CNS_NoSpec	35	795	1994	0.361	0.538	68	0.500	2602	1307	599	553	787
MultiGrid_C	90	577	2257	0.262	0.434	56	0.280	637	486	2553	2474	1704

Cesar

mocfe_bone	132	1096	3069	0.498	0.786	46	0.591	931	380	2366	2323	6252
nekbone	244	1460	3157	0.664	1.044	49	0.358	385	246	927	272	30105
XSBench	961	74	899	0.034	0.125	73	0.832	1557	261	1688	1661	663

Notes:

KEYS:
- FP/cyc : floating point operations per cycle
- Vec/cyc : vector operations per cycle
- Stall cycs : % of cycles stalled on any resource
- L2 hit : L2 data cache hit rate
- L? BW : bandwidth to L? cache in MB/s
- Mem VM : peak virtual memory in MB
- Mem RSS : peak resident set size in MB
- LOC : lines of code
For CoMD, we use the serial version, not the OCL version.
For HILO, we use the CMC version.

Parallel Speedup

We present the performance and scaling behavior for various applications within a node.

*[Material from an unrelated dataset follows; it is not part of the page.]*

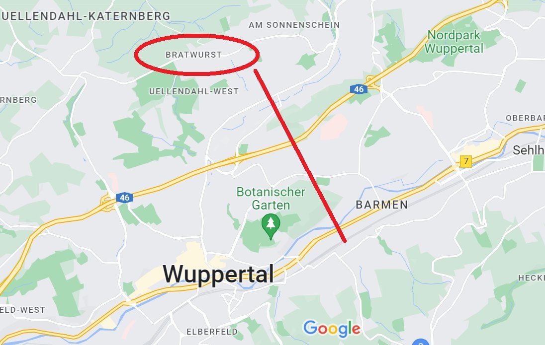 "Und wo wohnst du?" "In Wuppertal-Bratwurst" WTF?

Name	Languages	Parameters	Time	Speedup
			secs	6	12	24	48

ExMatEx

CoMD	CPP/OCL	-e	53.9	5.9	11.7	21.6	35.9
HILO 1D	C/MPI		40.8	4.6	9.3	19.0	37.6
HILO 2D	C/MPI	iters 1	50.4	4.8	9.4	18.7	37.3
LULESH	CPP/OMP		339	4.0	5.4	4.3	3.8
VPFFT	CPP/OMP	50, 1, 0.01, 1e-5	71.3	2.6	3.2	3.5	3.8

Exact

CNS_NoSpec	F90/OMP/MPI	inputs_3d	34.1	3.9	6.6	9.7	13.6
	F90/MPI	inputs_3d	34.1	3.3	5.8	6.1	6.3
	F90/OMP	inputs_3d	34.1	3.8	5.3	5.2	5.0
MultiGrid_C	CPP/OMP/MPI	inputs.3d, n_cell 256	70.9	2.2	3.8	4.8	5.9
	CPP/MPI	inputs.3d, n_cell 256	70.9	3.9	7.5	14.3	21.5
	CPP/OMP	inputs.3d, n_cell 256	70.9	2.2	1.9	1.3	1.0

Cesar

mocfe_bone	F90/MPI	48 n 16 16 1 1 1	101	3.2	6.2	9.7	15.3
nekbone	F90/MPI	lp=48 lelt=2400	243	3.6	7.1	15.1	27.0
XSBench	C/OMP		960	5.0	9.1	12.3	18.1

Notes:

The time in seconds is for one thread on one core.
Speedup is the speedup over one core.
We always try to pin threads/processes according to NUMA nodes, e.g. from 0-5, 6-11, etc.
For hybrid models, we have one MPI process per NUMA node, and one OpenMP thread per core.
For CoMD, we use the OCL version, and only report the SoA results.
Note that pinning threads gets overridden for CoMD.
nekbone was modified from weak to strong scaling.
For XSBench, when running in serial, the initialization time is about four times the actual runtime, so we report the sum of the two values.
ASPA and vodeDriver are omitted because they do not have parallel versions.